You’ve probably seen the claim that the U.S. Department of Labor estimates a bad hire costs 30% of first-year earnings. I went looking for the original source. There isn’t one. No DOL publication, no report title, no URL. Every article cites the last in an infinite loop. The same is true of the “80% of turnover is due to bad hiring decisions” figure attributed to Harvard Business Review. No specific HBR article contains that number.
This is not surprising, it's the same effect as The Learning Pyramid. A bunch of trusted sites repeating the same thing they heard somewhere else with no reference to the original impirical sources.
The real research is less dramatic but more useful.
The Center for American Progress reviewed 30 case studies in 2012 and found the median replacement cost across all positions is about 21% of annual salary [1]. For workers earning under $75K, that number holds. For senior roles, it climbs to 213% [1].
But replacement cost is the wrong frame for engineering teams. The more useful finding comes from Housman and Minor’s 2015 Harvard Business School study of 50,000 workers across 11 firms [2]. They found that avoiding a toxic worker generates roughly twice the return of hiring a star performer. A toxic worker costs about $12,489 in direct replacement. A top-1% performer adds about $5,303 in value [2]. And toxic behavior spreads. When one joins a team, peers become more likely to behave the same way.

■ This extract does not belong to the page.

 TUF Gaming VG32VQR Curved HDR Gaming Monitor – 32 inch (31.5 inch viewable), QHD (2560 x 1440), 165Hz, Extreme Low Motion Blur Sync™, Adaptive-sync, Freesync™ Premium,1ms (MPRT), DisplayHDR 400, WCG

The biggest hiring risk is not missing a great candidate. It is letting a destructive one through.
The reason this matters: most interview processes are designed to find talent. Few are designed to detect toxicity, and the two goals require different signals.
Whiteboard interviews test whether a candidate can perform under observation while solving a problem they’d normally Google. A 2020 study by Behroozi et al. found that candidates given traditional whiteboard interviews with an observer performed at half the level of those who solved the same problems privately [3]. All women in the public condition failed. All women in the private condition passed [3].

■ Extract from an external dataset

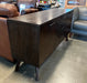 This Mid-Century Modern Entertainment Centre has lots of storage with 3 drawers and 2 shelving sections on each side! Some scratches and 2 chips on the right hand side as documented in the last 3 pictures. PR

This is not a talent filter. It is an anxiety filter.
Pair programming interviews are better, but they carry their own distortion. Pair programming was designed as a collaborative practice for producing code, not for evaluating a stranger’s skill under time pressure. When I pair with a colleague on my team, we share context, vocabulary, and trust. An interview has none of those. The candidate is performing while being watched by someone who holds power over their career. Calling that pair programming is like calling a job interview a conversation.
The deeper issue is tacit knowledge. Most of what a skilled engineer knows is not something they can articulate on demand. They recognize patterns. They sense when a design will cause problems in six months. They make tradeoffs that feel obvious to them but are invisible to someone at a different skill level. Standard interviews are built to test explicit knowledge: can you explain this algorithm, can you describe this pattern, can you walk through your reasoning.
The candidates who perform best are those who are good at talking about code, which is a different skill from writing it.
Some companies try to add science to the process with personality assessments. The two most popular choices in tech hiring are the Myers-Briggs Type Indicator and “growth mindset” screening. The research on both is clear.
The MBTI’s own publisher says using it for hiring is unethical [4]. That’s not a critic talking. That’s The Myers-Briggs Company, in writing, through their Senior Director of US Professional Services. The Myers & Briggs Foundation’s ethical guidelines state it directly.
The reason is simple: the test doesn’t measure what it claims to measure. Pittenger (2005) found that 35% of people get a different four-letter type when retaking the test after five weeks [5]. The National Academy of Sciences reviewed 20+ MBTI studies and concluded there is not enough evidence to justify its use [6]. Its predictive validity for job performance is about r = .10-.20, roughly the same as flipping a coin with a slight thumb on the scale.
Growth mindset fares no better. The largest meta-analysis (Sisk et al., 2018, covering 365,915 participants) found the correlation between mindset and achievement is r = .10, explaining about 1% of variance [7]. When Macnamara and Burgoyne (2023) restricted the analysis to the six highest-quality studies, the effect dropped to d = 0.02 [8]. Not small. Negligible. And researchers with financial ties to mindset interventions reported significantly larger effects than independent researchers did [8].
There is no peer-reviewed evidence that growth mindset predicts job performance in any workplace setting. Asking about it in interviews measures nothing useful.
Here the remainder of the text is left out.